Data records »

╔══

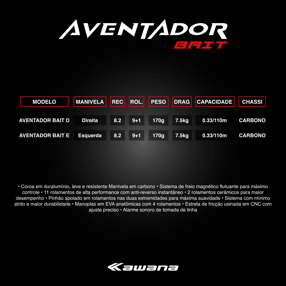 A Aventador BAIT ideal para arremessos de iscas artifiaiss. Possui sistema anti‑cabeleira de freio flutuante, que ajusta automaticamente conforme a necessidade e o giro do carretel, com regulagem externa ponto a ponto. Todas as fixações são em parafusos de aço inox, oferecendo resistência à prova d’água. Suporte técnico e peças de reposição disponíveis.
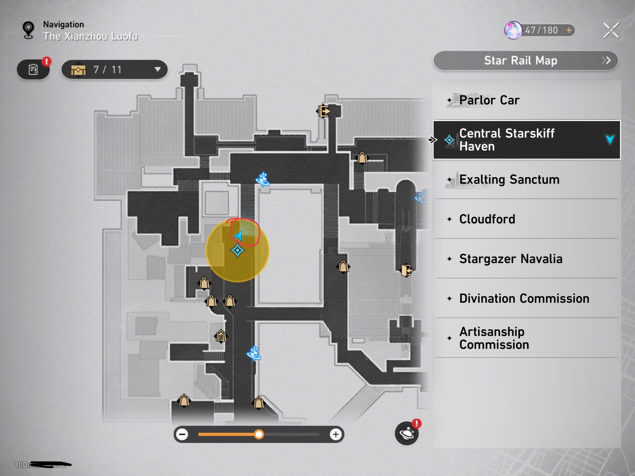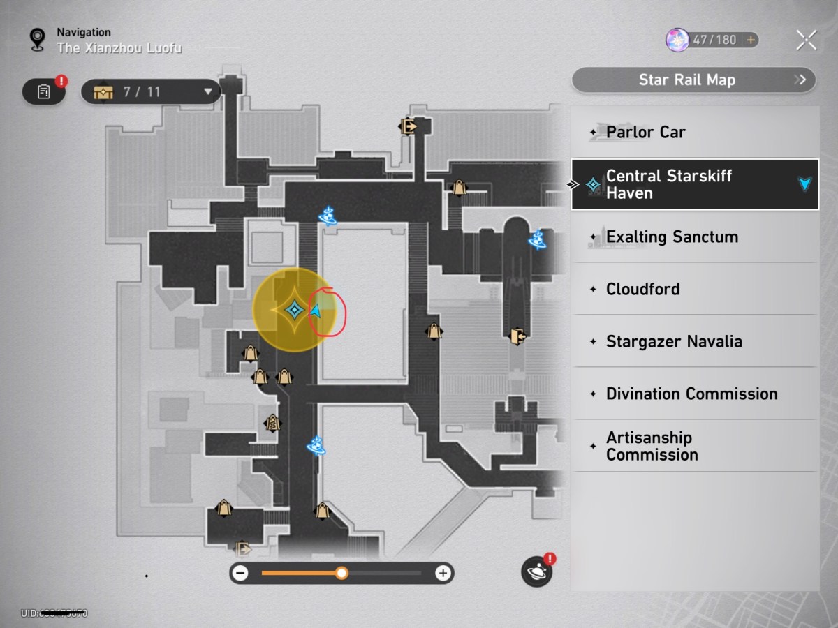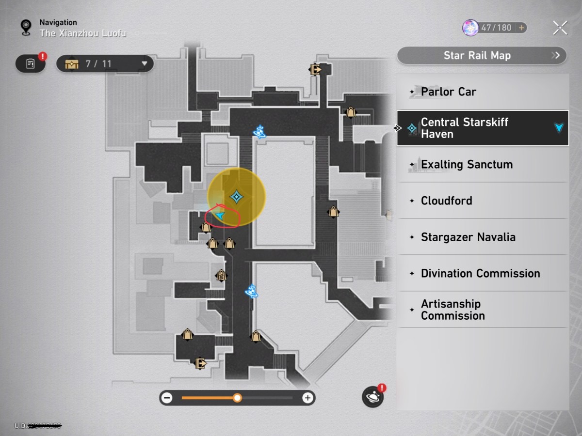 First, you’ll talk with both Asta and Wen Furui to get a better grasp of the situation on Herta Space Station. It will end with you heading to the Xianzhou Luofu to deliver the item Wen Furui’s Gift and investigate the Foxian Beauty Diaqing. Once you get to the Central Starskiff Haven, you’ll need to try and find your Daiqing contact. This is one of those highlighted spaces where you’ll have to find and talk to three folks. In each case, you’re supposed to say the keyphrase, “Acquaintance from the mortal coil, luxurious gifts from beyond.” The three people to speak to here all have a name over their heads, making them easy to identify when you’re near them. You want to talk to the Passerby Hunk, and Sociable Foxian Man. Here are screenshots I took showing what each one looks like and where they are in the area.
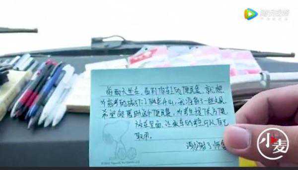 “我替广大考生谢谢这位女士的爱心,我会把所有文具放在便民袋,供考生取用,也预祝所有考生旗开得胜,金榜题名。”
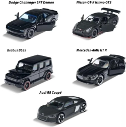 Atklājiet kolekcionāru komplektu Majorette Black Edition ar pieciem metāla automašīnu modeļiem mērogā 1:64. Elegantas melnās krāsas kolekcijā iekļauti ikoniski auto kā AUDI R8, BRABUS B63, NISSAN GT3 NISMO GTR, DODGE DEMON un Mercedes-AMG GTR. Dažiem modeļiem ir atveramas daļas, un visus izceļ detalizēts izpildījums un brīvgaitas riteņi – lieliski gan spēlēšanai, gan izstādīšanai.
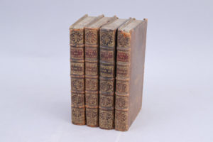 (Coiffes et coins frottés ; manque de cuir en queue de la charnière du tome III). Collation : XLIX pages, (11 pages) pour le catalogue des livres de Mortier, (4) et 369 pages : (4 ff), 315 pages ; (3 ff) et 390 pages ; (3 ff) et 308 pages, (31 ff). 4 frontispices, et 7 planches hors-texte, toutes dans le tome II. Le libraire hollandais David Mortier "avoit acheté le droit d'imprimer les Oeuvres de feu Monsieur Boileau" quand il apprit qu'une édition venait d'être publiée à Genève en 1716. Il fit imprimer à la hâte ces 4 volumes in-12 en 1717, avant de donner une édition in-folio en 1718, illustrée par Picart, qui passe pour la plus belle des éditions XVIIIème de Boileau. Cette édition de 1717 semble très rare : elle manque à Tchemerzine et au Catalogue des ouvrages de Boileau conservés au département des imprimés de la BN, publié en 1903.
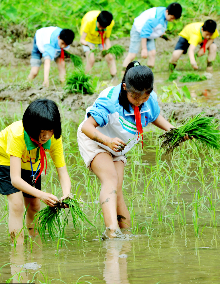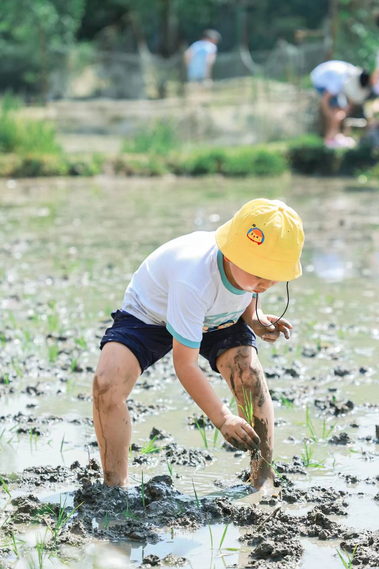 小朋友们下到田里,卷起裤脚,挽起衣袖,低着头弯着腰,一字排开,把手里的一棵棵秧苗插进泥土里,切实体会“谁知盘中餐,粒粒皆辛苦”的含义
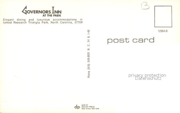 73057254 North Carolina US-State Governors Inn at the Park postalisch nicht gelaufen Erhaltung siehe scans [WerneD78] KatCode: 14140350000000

╚══

Problem » Repeat the records exactly but leave out the images.

Solution for this problem »
 A Aventador BAIT ideal para arremessos de iscas artifiaiss. Possui sistema anti‑cabeleira de freio flutuante, que ajusta automaticamente conforme a necessidade e o giro do carretel, com regulagem externa ponto a ponto. Todas as fixações são em parafusos de aço inox, oferecendo resistência à prova d’água. Suporte técnico e peças de reposição disponíveis.
 First, you’ll talk with both Asta and Wen Furui to get a better grasp of the situation on Herta Space Station. It will end with you heading to the Xianzhou Luofu to deliver the item Wen Furui’s Gift and investigate the Foxian Beauty Diaqing. Once you get to the Central Starskiff Haven, you’ll need to try and find your Daiqing contact. This is one of those highlighted spaces where you’ll have to find and talk to three folks. In each case, you’re supposed to say the keyphrase, “Acquaintance from the mortal coil, luxurious gifts from beyond.” The three people to speak to here all have a name over their heads, making them easy to identify when you’re near them. You want to talk to the Passerby Hunk, and Sociable Foxian Man. Here are screenshots I took showing what each one looks like and where they are in the area.
 “我替广大考生谢谢这位女士的爱心,我会把所有文具放在便民袋,供考生取用,也预祝所有考生旗开得胜,金榜题名。”
 Atklājiet kolekcionāru komplektu Majorette Black Edition ar pieciem metāla automašīnu modeļiem mērogā 1:64. Elegantas melnās krāsas kolekcijā iekļauti ikoniski auto kā AUDI R8, BRABUS B63, NISSAN GT3 NISMO GTR, DODGE DEMON un Mercedes-AMG GTR. Dažiem modeļiem ir atveramas daļas, un visus izceļ detalizēts izpildījums un brīvgaitas riteņi – lieliski gan spēlēšanai, gan izstādīšanai.
 (Coiffes et coins frottés ; manque de cuir en queue de la charnière du tome III). Collation : XLIX pages, (11 pages) pour le catalogue des livres de Mortier, (4) et 369 pages : (4 ff), 315 pages ; (3 ff) et 390 pages ; (3 ff) et 308 pages, (31 ff). 4 frontispices, et 7 planches hors-texte, toutes dans le tome II. Le libraire hollandais David Mortier "avoit acheté le droit d'imprimer les Oeuvres de feu Monsieur Boileau" quand il apprit qu'une édition venait d'être publiée à Genève en 1716. Il fit imprimer à la hâte ces 4 volumes in-12 en 1717, avant de donner une édition in-folio en 1718, illustrée par Picart, qui passe pour la plus belle des éditions XVIIIème de Boileau. Cette édition de 1717 semble très rare : elle manque à Tchemerzine et au Catalogue des ouvrages de Boileau conservés au département des imprimés de la BN, publié en 1903.
 小朋友们下到田里,卷起裤脚,挽起衣袖,低着头弯着腰,一字排开,把手里的一棵棵秧苗插进泥土里,切实体会“谁知盘中餐,粒粒皆辛苦”的含义
 73057254 North Carolina US-State Governors Inn at the Park postalisch nicht gelaufen Erhaltung siehe scans [WerneD78] KatCode: 14140350000000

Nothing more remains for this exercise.